Input data:
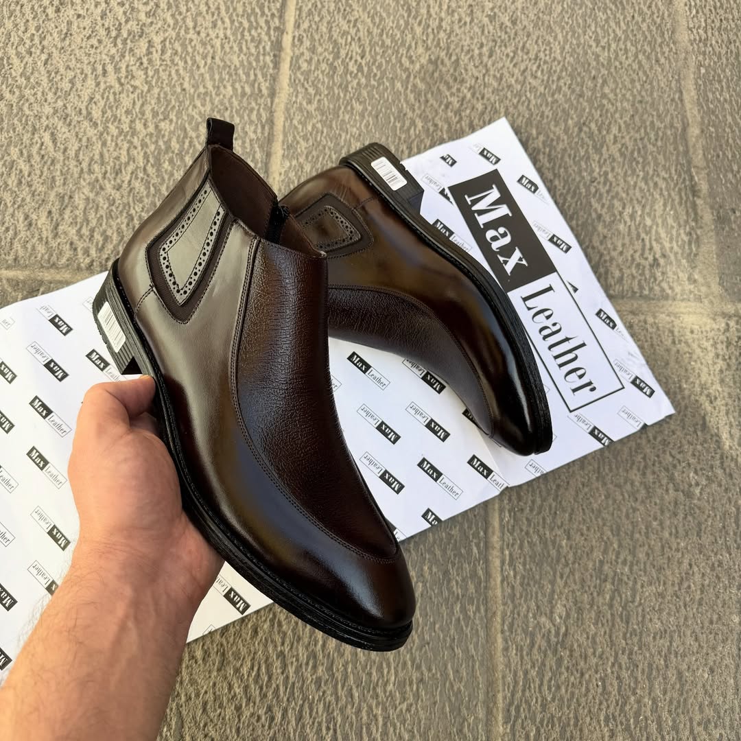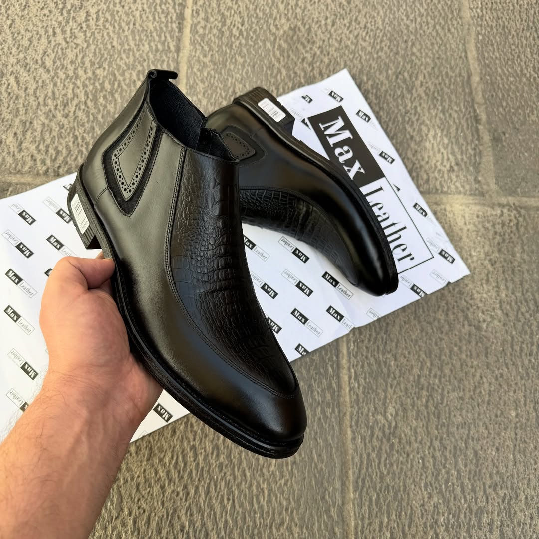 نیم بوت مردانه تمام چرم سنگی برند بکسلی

==

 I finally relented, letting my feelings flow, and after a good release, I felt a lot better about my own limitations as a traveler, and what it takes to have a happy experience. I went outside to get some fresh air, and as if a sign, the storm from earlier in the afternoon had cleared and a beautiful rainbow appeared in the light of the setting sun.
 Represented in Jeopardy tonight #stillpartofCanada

...

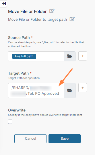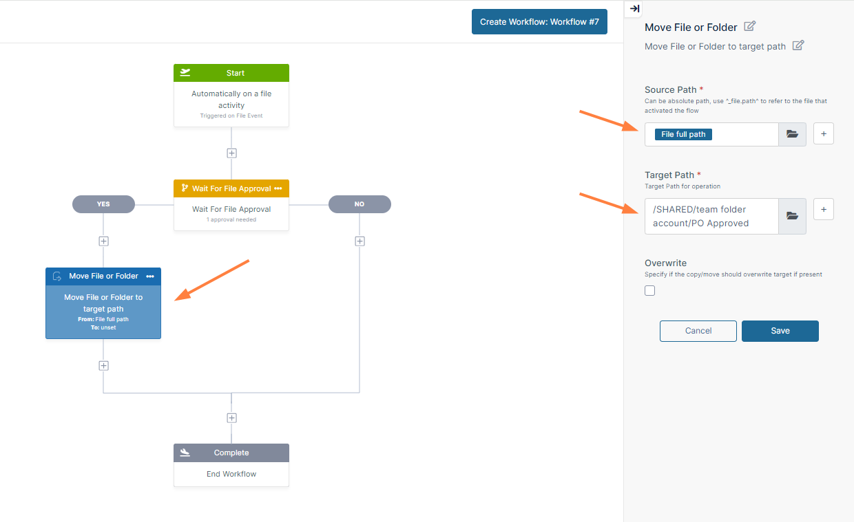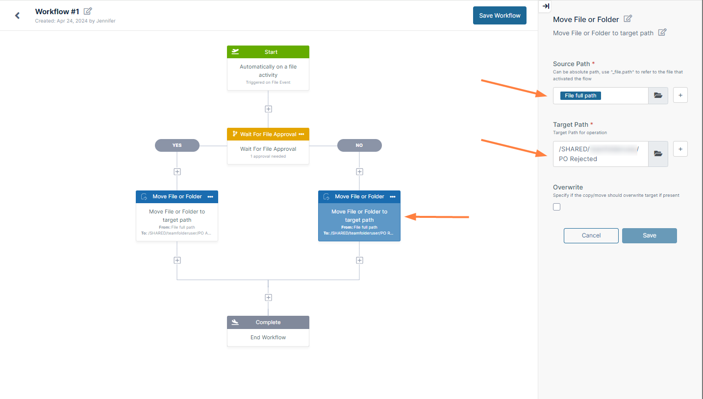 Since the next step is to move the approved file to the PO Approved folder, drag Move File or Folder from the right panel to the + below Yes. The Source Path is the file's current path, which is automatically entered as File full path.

Problem to solve: Reproduce only the lines above, starting at the line with "I finally relented, letting" and ending at the line with "Represented in Jeopardy", exactly as written.

Answer to the exercise:
 I finally relented, letting my feelings flow, and after a good release, I felt a lot better about my own limitations as a traveler, and what it takes to have a happy experience. I went outside to get some fresh air, and as if a sign, the storm from earlier in the afternoon had cleared and a beautiful rainbow appeared in the light of the setting sun.
 Represented in Jeopardy tonight #stillpartofCanada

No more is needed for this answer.